■ **Task brief**
For this exercise, write each entry below out precisely and omit the pictures.

■ **Given entries**

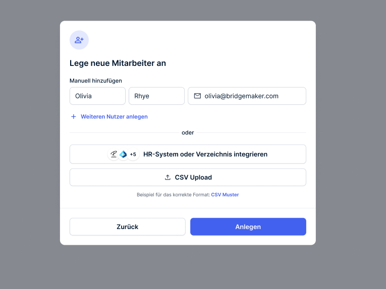 We match on a primary key (email or user ID). During the first sync, we match the users from HRIS to the existing employees in your IS-FOX account using the email address. After the initial matching, follow-up syncs use the User ID from your HRIS/IDP.
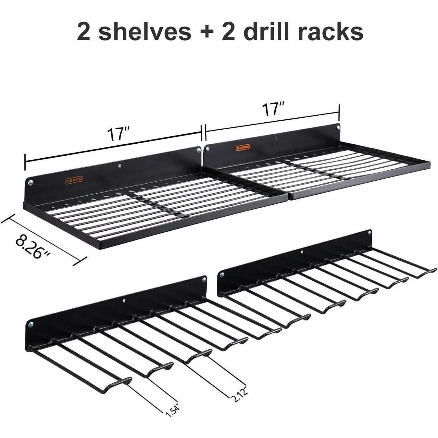 Garage Space Saver The tool organizer set include 2 shelves for battery charging station and 2 part which include 4 slots for drill,these items always made your garage disorder because you always have no idea to how to store them,righti guess you don’t like to put them back to the tools box and store them completely because you always believe you will use them soon confused our designer also,so it appeared! Free Assemble &Easy Install The storage shelf and wall mount drill holder is no need assemble,you can install them directly with the provided screws,the instruction is together to guide you how to install the tool rack on different wall.
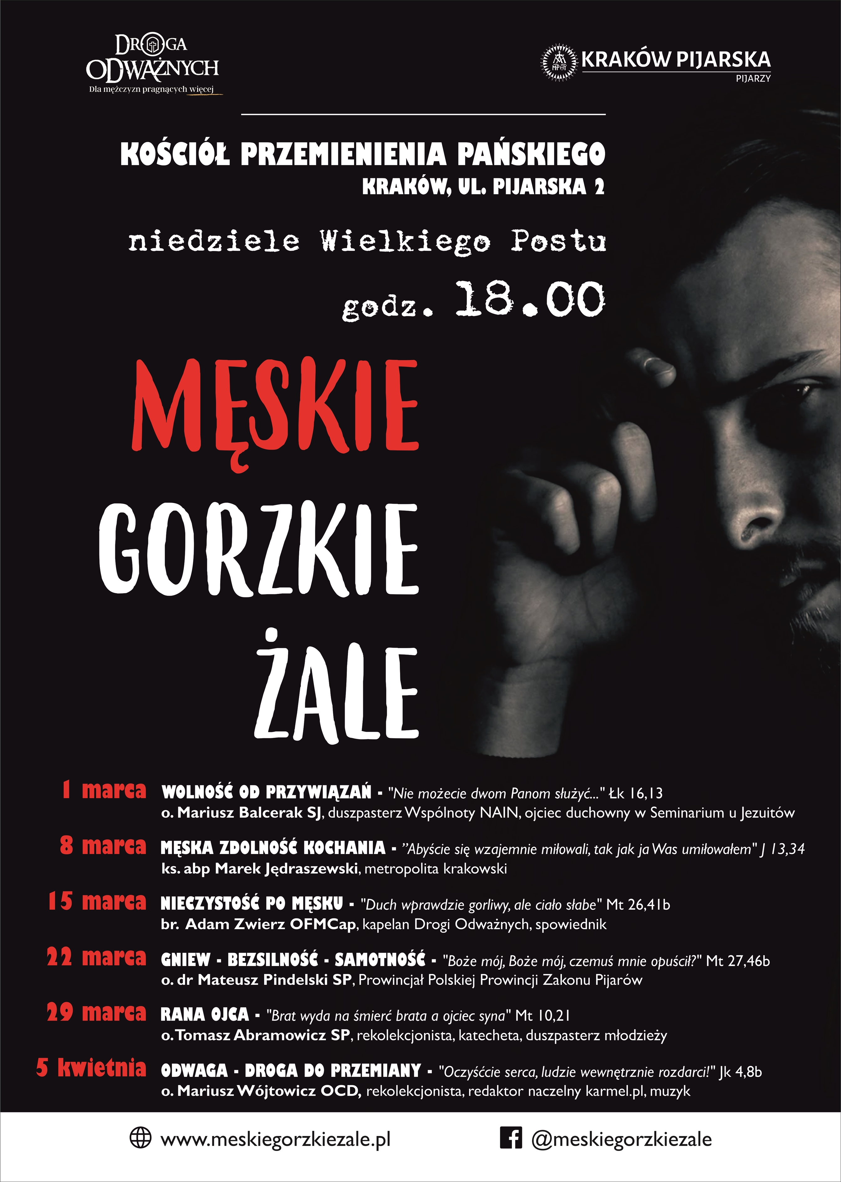 Więcej informacji znaleźć można na stronie: www.meskiegorzkiezale.pl oraz na wydarzeniu na Facebooku - Męskie Gorzkie Żale - Kraków
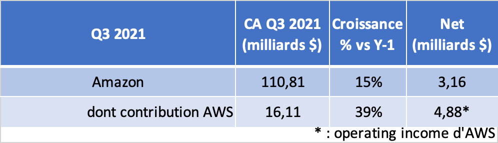 AWS continue de jouer son rôle de contributeur essentiel au résultat net du groupe, avec un résultat d’exploitation (operating income) pour AWS de près de 4,9 milliards de dollars, quand le net du groupe est de 3,16. Si Microsoft revendique 20 milliards de dollars pour son activité cloud, AWS, sans Office 365, continue à progresser à 39% sur ce trimestre et ses plus de 16 milliards de CA témoigne de sa réussite toujours aussi manifeste.
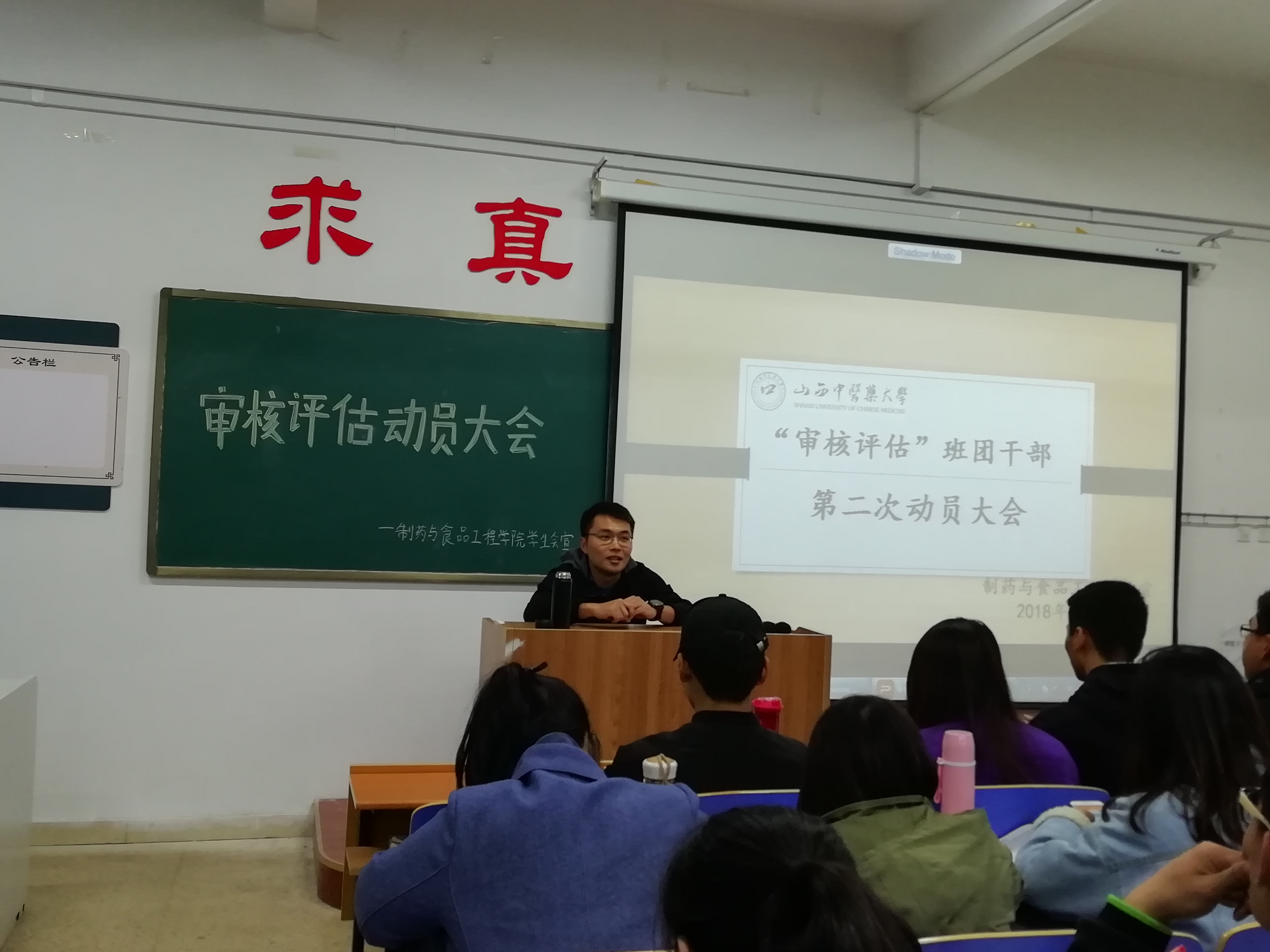 2018年10月22日晚九点,pg国际于和剂书院甲座210教室召开第二次应知应会动员大会。出席本次会议的有孟喆老师,学生会主席,各部门部长以及各班级班干部。本次会议主要由孟喆老师向参会人员讲解与审核评估有关的
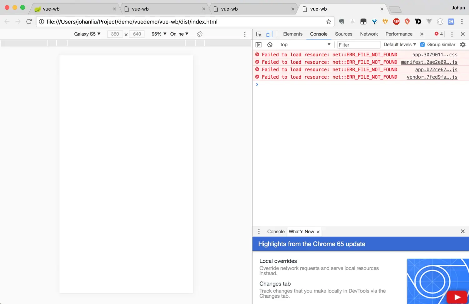 一片空白并且报了ERR_FILE_NOT_FOUND的错误,没有找到css和js文件。用编辑器打开文件后可以看到,这几个文件的路径确实有些问题,于是在路径前加上一个.号后发现打开页面不再是一片空白了。
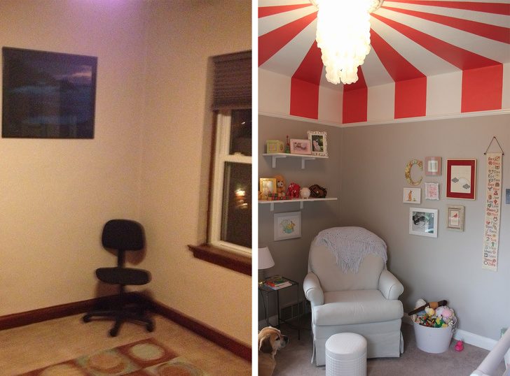 Превратить стандартную комнату в цирковой шатер несложно: вам потребуются красная краска, малярный скотч и немного терпения.Три в одном
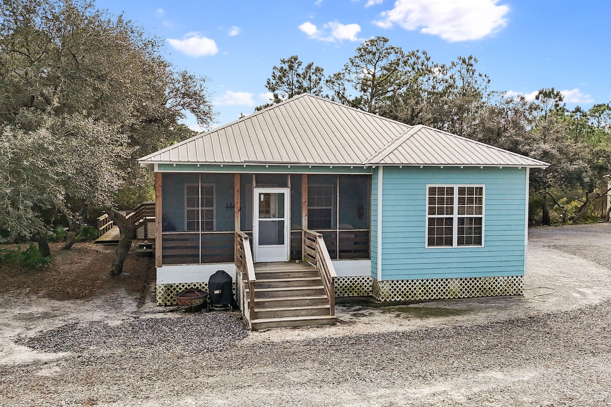 “Simpler Times in the Pines” has a comfortable feel with a mix of new and vintage furnishings, nicely decorated with a beachy, birding theme! Two smart TVs, living room sectional and tile throughout the home. The screened in porch plus covered porch with firepit & grill provide great outdoor space ! Your furry friends are welcome ! Fully stocked kitchen! Beach gear and kids games ! We provide all you will need for a great, laid back peaceful family friendly stay!
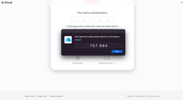 步骤2:然后,验证码将出现在您的 iPhone 或与您的 Apple ID 关联的任何设备上。将显示的代码复制并粘贴到搜索栏中,然后单击相应的图标继续。

■ **Answer to this exercise**
 We match on a primary key (email or user ID). During the first sync, we match the users from HRIS to the existing employees in your IS-FOX account using the email address. After the initial matching, follow-up syncs use the User ID from your HRIS/IDP.
 Garage Space Saver The tool organizer set include 2 shelves for battery charging station and 2 part which include 4 slots for drill,these items always made your garage disorder because you always have no idea to how to store them,righti guess you don’t like to put them back to the tools box and store them completely because you always believe you will use them soon confused our designer also,so it appeared! Free Assemble &Easy Install The storage shelf and wall mount drill holder is no need assemble,you can install them directly with the provided screws,the instruction is together to guide you how to install the tool rack on different wall.
 Więcej informacji znaleźć można na stronie: www.meskiegorzkiezale.pl oraz na wydarzeniu na Facebooku - Męskie Gorzkie Żale - Kraków
 AWS continue de jouer son rôle de contributeur essentiel au résultat net du groupe, avec un résultat d’exploitation (operating income) pour AWS de près de 4,9 milliards de dollars, quand le net du groupe est de 3,16. Si Microsoft revendique 20 milliards de dollars pour son activité cloud, AWS, sans Office 365, continue à progresser à 39% sur ce trimestre et ses plus de 16 milliards de CA témoigne de sa réussite toujours aussi manifeste.
 2018年10月22日晚九点,pg国际于和剂书院甲座210教室召开第二次应知应会动员大会。出席本次会议的有孟喆老师,学生会主席,各部门部长以及各班级班干部。本次会议主要由孟喆老师向参会人员讲解与审核评估有关的
 一片空白并且报了ERR_FILE_NOT_FOUND的错误,没有找到css和js文件。用编辑器打开文件后可以看到,这几个文件的路径确实有些问题,于是在路径前加上一个.号后发现打开页面不再是一片空白了。
 Превратить стандартную комнату в цирковой шатер несложно: вам потребуются красная краска, малярный скотч и немного терпения.Три в одном
 “Simpler Times in the Pines” has a comfortable feel with a mix of new and vintage furnishings, nicely decorated with a beachy, birding theme! Two smart TVs, living room sectional and tile throughout the home. The screened in porch plus covered porch with firepit & grill provide great outdoor space ! Your furry friends are welcome ! Fully stocked kitchen! Beach gear and kids games ! We provide all you will need for a great, laid back peaceful family friendly stay!
 步骤2:然后,验证码将出现在您的 iPhone 或与您的 Apple ID 关联的任何设备上。将显示的代码复制并粘贴到搜索栏中,然后单击相应的图标继续。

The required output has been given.